Missing step in this proof of $\operatorname*{rank}(A+B) \leq \operatorname*{rank}A + \operatorname*{rank}B$

Question

I know how to prove this inequality using bases for the row space, however, my professor presented a proof of
\begin{align*}
\operatorname*{rank}(A+B) \leq \operatorname*{rank}A + \operatorname*{rank}B
\end{align*}
using rank-nullity theorem. He fell sick so he just sent the notes, which I don't understand, can someone please help me.
\begin{align*}
n – \operatorname*{null}(A+B) &\leq 2n – \operatorname*{null}A -\operatorname*{null}B \\
\operatorname*{null}(A+B) &\geq -n + \operatorname*{null}A + \operatorname*{null}B \\
\operatorname*{null}A + \operatorname*{null}B &\leq n + \operatorname*{null}(A+B)
\end{align*}
Then it suffices to prove this inequality.
\begin{align*}
N(A) \cap N(B) \subseteq N(A+B)
\end{align*}
I understand why this is true, but I don't understand the next line
\begin{align*}
\operatorname*{null}A + \operatorname*{null}B \setminus (N(A) \cap N(B)) \leq n
\end{align*}
Not only does this not make sense from the sense of 'where does $n$ come from', it also, if I understand correctly, makes no sense from the mathematical standpoint.
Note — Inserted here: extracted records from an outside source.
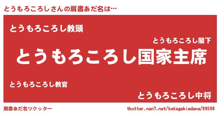 | ファンタジー風あだ名 | 『エターナルトウモロコロシー』 |
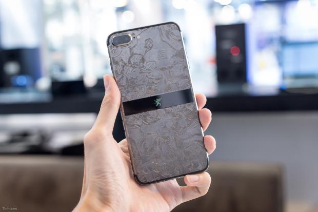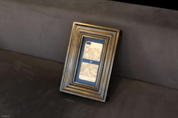Phần màu đen ở chính giữa được làm từ kính Sapphire dùng để đặt logo của Mobiado chứ không còn logo quả táo của Apple. Cá nhân mình thấy đoạn màu đen này nhìn không hợp mắt với thiết kế chung. Có lẽ Mobiado muốn logo của họ dễ thấy hơn so với việc khắc logo trên nền vàng. Ngoài ra, phía dưới mặt lưng còn khắc số thứ tự của máy (xxx/200), tên máy đầy đủ và dòng chữ 'Crafted in Vancouver'. Cấu hình của máy tất nhiên vẫn được giữ nguyên và giống hệt như những chiếc iPhone 7 Plus khác.
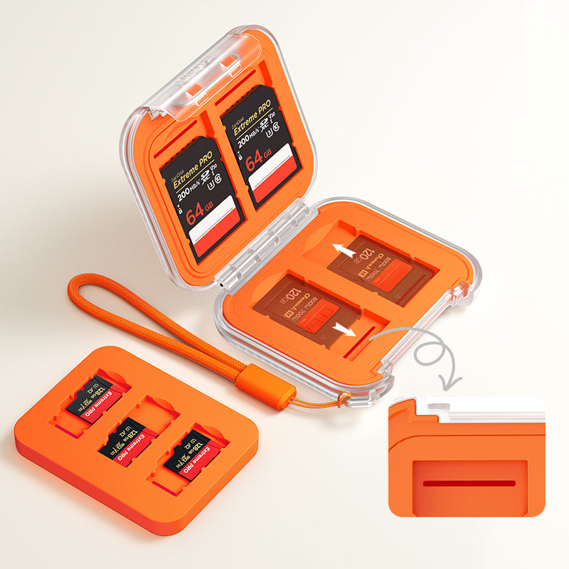 Crafted from a tough PC shell, this card case resists scratches, pressure, and drops, keeping your memory cards safe and secure.

He probably meant $\dim(N(A) \cap N(B))$

Hence,
\begin{align*}
\operatorname*{null}A + \operatorname*{null}B \leq n + \dim(N(A) \cap N(B)) \leq n + {\rm null}(A+B)
\end{align*}
This last statement makes sense from the fact above that $N(A) \cap N(B) \subseteq N(A+B)$

If anyone knows how to prove this using rank-nullity theorem or understands what happened here, please let me know.

Answer 1

Assuming $A,B$ are linear maps defined on a vector space $E$ of dimension $n$ (this answers your 'where does $n$ come from', which you should have asked earlier in your post), your professor first used the rank-nullity theorem, to reduce the task to proving $$\operatorname*{null}A + \operatorname*{null}B\le n + \operatorname*{null}(A+B).$$

Then, he implicitely applied Grassmann's formula: for any two subspaces $F,G$ of $E,$ $$\dim(F)+\dim(G)-\dim(F\cap G)=\dim(F+G)\le n$$ to $F=N(A)$ and $G=N(B).$ This is why he (nearly) wrote $$\operatorname{null}(A)+\operatorname{null}(B)-\dim(N(A)\cap N(B))\le n.$$ So you rightly guessed his "$\setminus(N(A)\cap N(B))$" was a typo and meant "$-\dim(N(A)\cap N(B))$".

Since the rest was clear, you are done.